| Work instructions |
Give the records again. Keep them exact and leave out the images.

| Given entries |
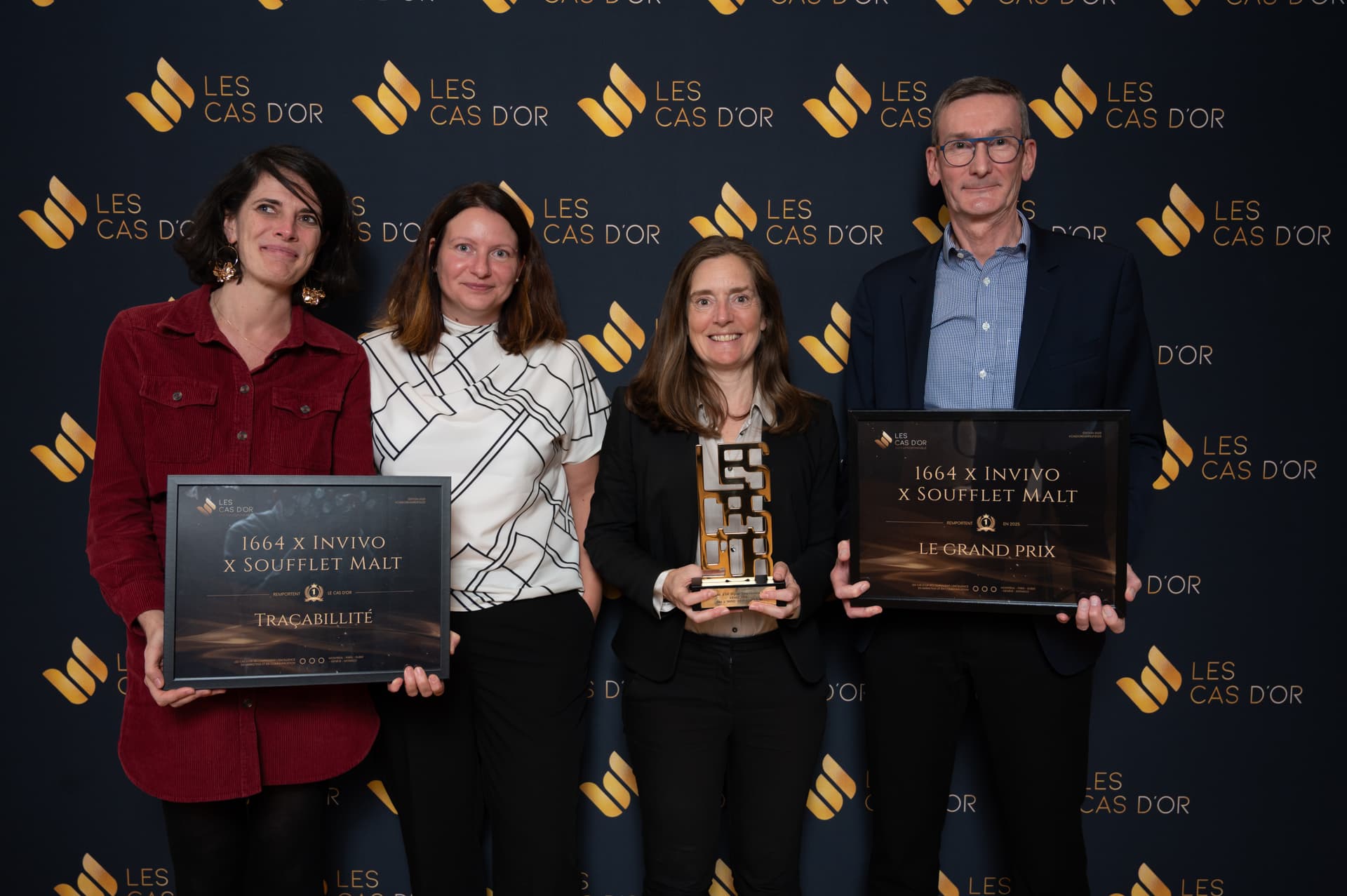 Marion Felix souligne le caractère pionnier de la démarche : grâce à cette technologie Blockchain et la traçabilité qu’elle apporte, nous pouvons, par l’intermédiaire d’un QR code sur nos bouteilles de 1664 Blonde, donner la possibilité aux consommateurs de retracer le parcours de la bière, du champ à la dégustation, et d’offrir aux consommateurs une expérience digitale immersive. Plus de 370 000 utilisateurs ont déjà scanné le QR Code et sont restés en moyenne 2mn connectés. Un grand merci au jury des Cas d’Or, à tous nos partenaires pour leur confiance !
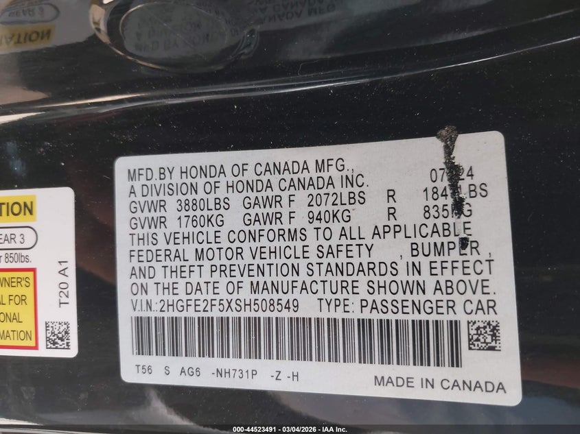 • 2HGFE2F5XSH508549
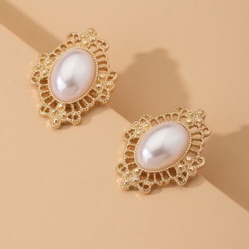 Gold Plated and White Enamel Design Irregular Shape Stud Earring
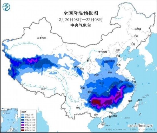 預(yù)計,2月20日8時至2月22日8時,華北南部、黃淮西部、江淮西部、江漢、江南中北部、貴州東部、廣西北部等地的部分地區(qū)將先后降溫8~10℃,其中,江漢、江南中西部、貴州東部等地將降溫12℃~14℃,湖南南部、江西南部、貴州東部、廣西北部等地的部分地區(qū)降溫可達16℃以上。
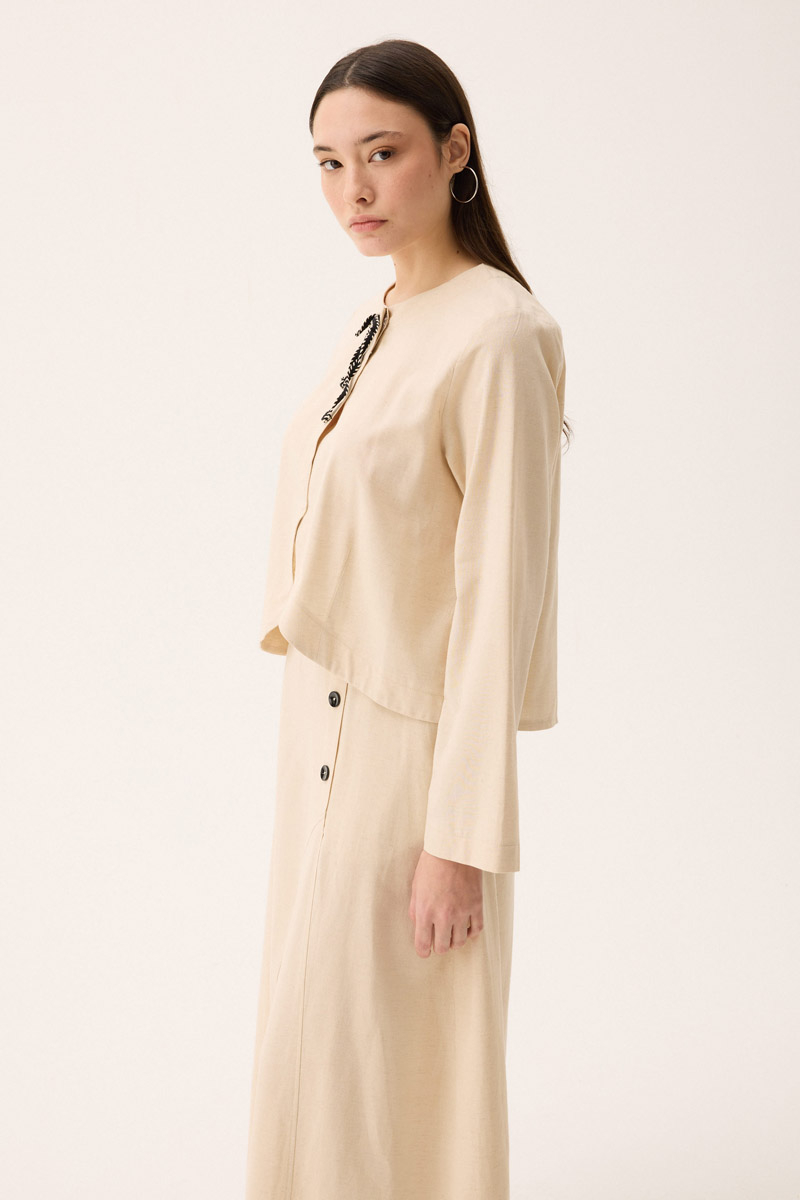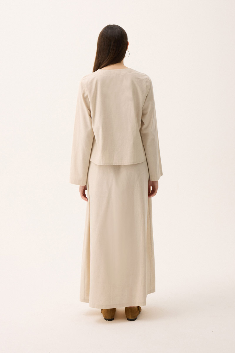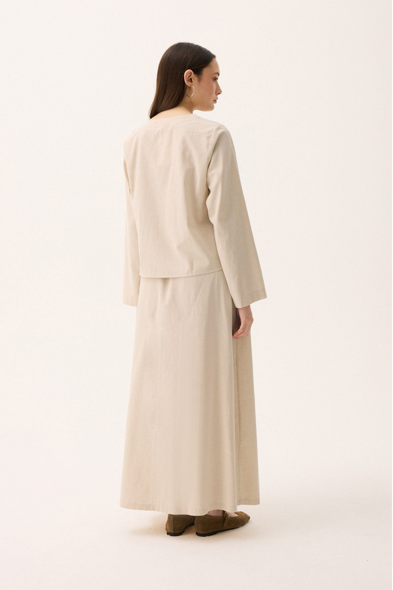 Dipnot: Bu üründe doğal kumaş yapısından dolayı, ilk yıkamada kumaşta %2 oranında çekme olabilir. Ketenin içeriğinden kaynaklı olan bu durum, ürünün formunu ve şıklığını etkilemez. İlk yıkamada soğuk su ve hassas program tercih etmeniz bu durumu azaltacaktır.

| Problem solution |
 Marion Felix souligne le caractère pionnier de la démarche : grâce à cette technologie Blockchain et la traçabilité qu’elle apporte, nous pouvons, par l’intermédiaire d’un QR code sur nos bouteilles de 1664 Blonde, donner la possibilité aux consommateurs de retracer le parcours de la bière, du champ à la dégustation, et d’offrir aux consommateurs une expérience digitale immersive. Plus de 370 000 utilisateurs ont déjà scanné le QR Code et sont restés en moyenne 2mn connectés. Un grand merci au jury des Cas d’Or, à tous nos partenaires pour leur confiance !
 • 2HGFE2F5XSH508549
 Gold Plated and White Enamel Design Irregular Shape Stud Earring
 預(yù)計,2月20日8時至2月22日8時,華北南部、黃淮西部、江淮西部、江漢、江南中北部、貴州東部、廣西北部等地的部分地區(qū)將先后降溫8~10℃,其中,江漢、江南中西部、貴州東部等地將降溫12℃~14℃,湖南南部、江西南部、貴州東部、廣西北部等地的部分地區(qū)降溫可達16℃以上。
 Dipnot: Bu üründe doğal kumaş yapısından dolayı, ilk yıkamada kumaşta %2 oranında çekme olabilir. Ketenin içeriğinden kaynaklı olan bu durum, ürünün formunu ve şıklığını etkilemez. İlk yıkamada soğuk su ve hassas program tercih etmeniz bu durumu azaltacaktır.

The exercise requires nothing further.